- [Work to complete]: With the images excluded, set down every line of the listing below exactly.

- [Data extract]:
═══

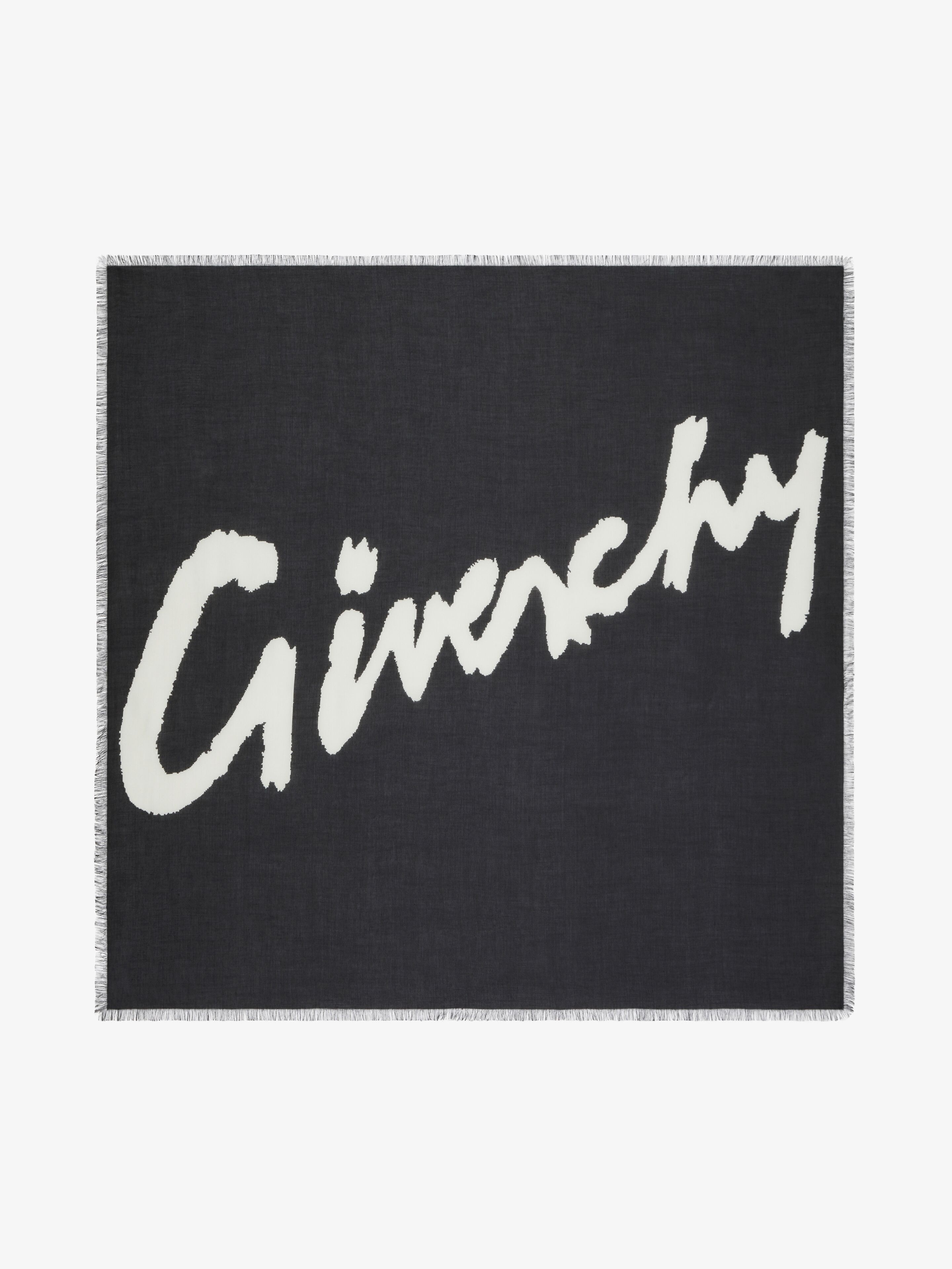 - Large square with italic GIVENCHY pattern. - Delicate frayed edges.
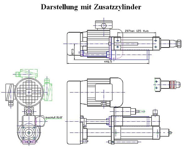 Für die Bohreinheit kann ohne großen Aufwand auch jederzeit ein Zusatzzylinder angebaut werden, z.B., wenn bei Mehrspindelbohrköpfen die Bohrkraft nicht ausreicht.
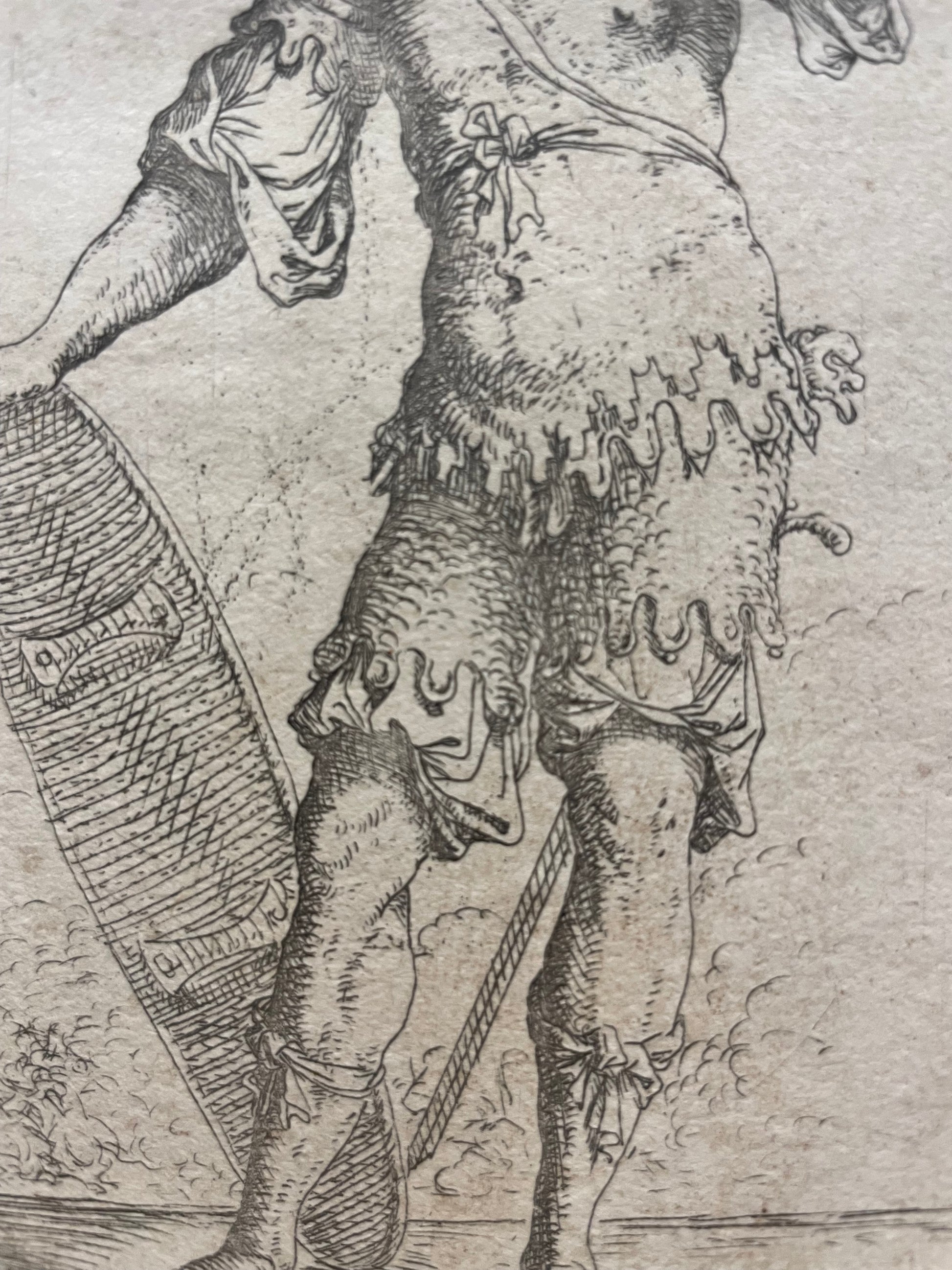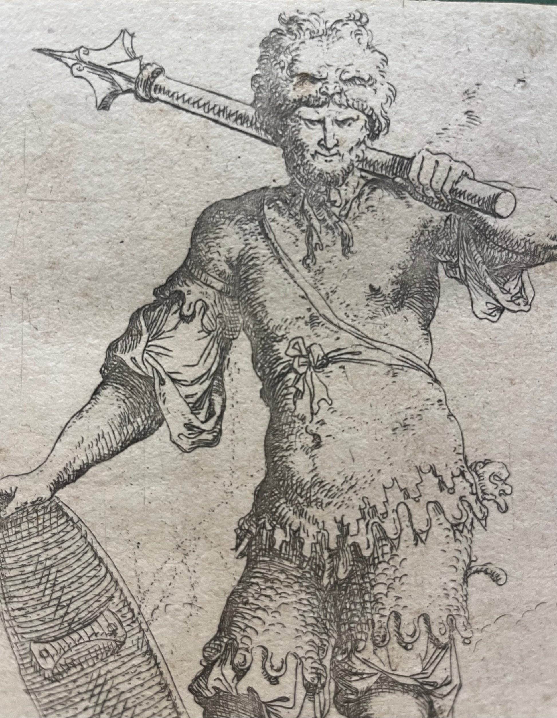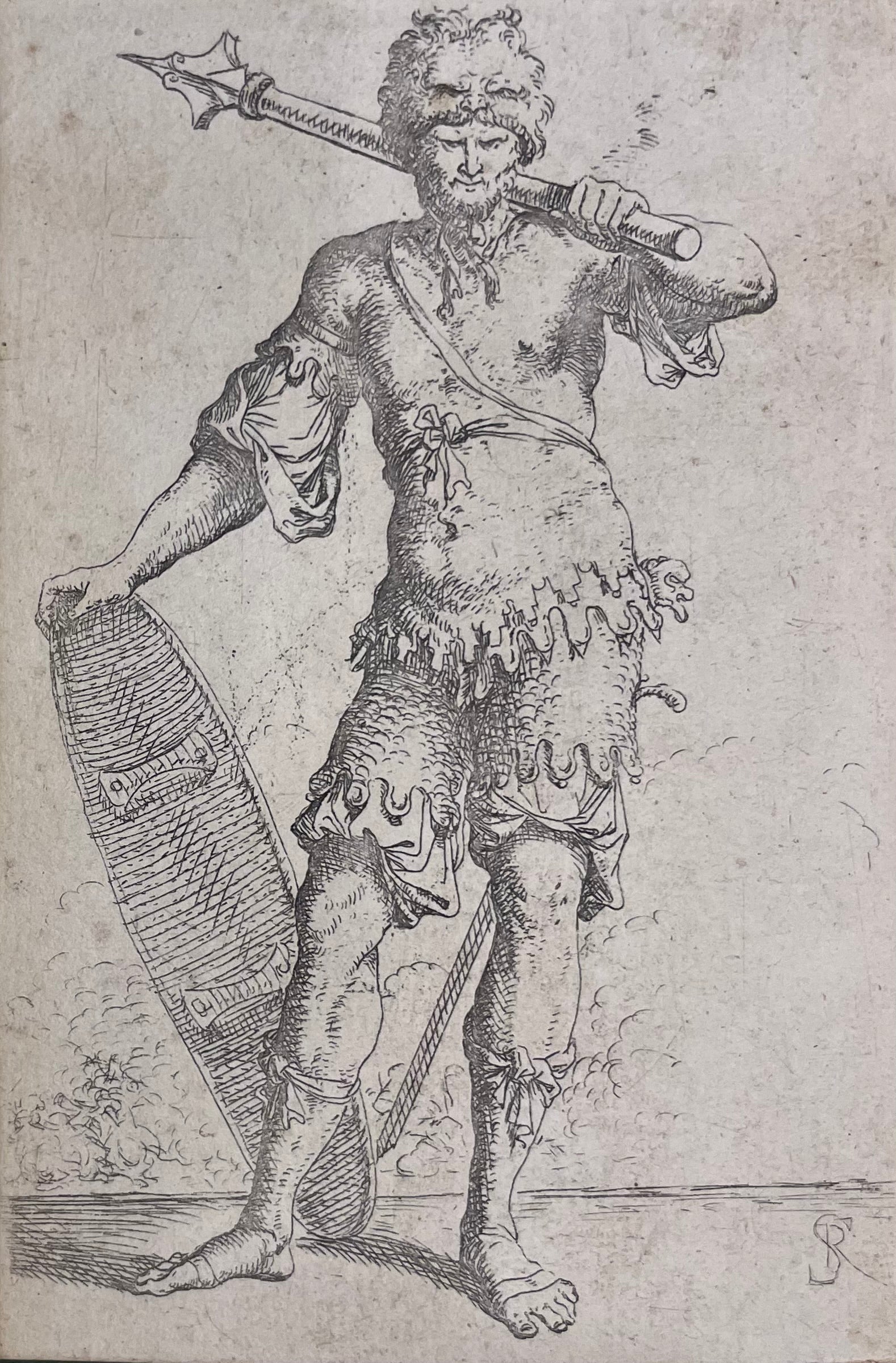Original etching signed in the plate “S.R.”, part of the Figurine series executed by Salvator Rosa during his Florentine period and the early years in Rome. The subject represents a standing warrior holding a mace and a shield, rendered with a firm and incisive line, combining naturalism with an austere sense of monumentality.
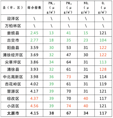 1.综合指数、PM10、NO2和O3指标排名前两位的标为绿色,排名后两位的标为红色;

═══

- [Task result]:
 - Large square with italic GIVENCHY pattern. - Delicate frayed edges.
 Für die Bohreinheit kann ohne großen Aufwand auch jederzeit ein Zusatzzylinder angebaut werden, z.B., wenn bei Mehrspindelbohrköpfen die Bohrkraft nicht ausreicht.
Original etching signed in the plate “S.R.”, part of the Figurine series executed by Salvator Rosa during his Florentine period and the early years in Rome. The subject represents a standing warrior holding a mace and a shield, rendered with a firm and incisive line, combining naturalism with an austere sense of monumentality.
 1.综合指数、PM10、NO2和O3指标排名前两位的标为绿色,排名后两位的标为红色;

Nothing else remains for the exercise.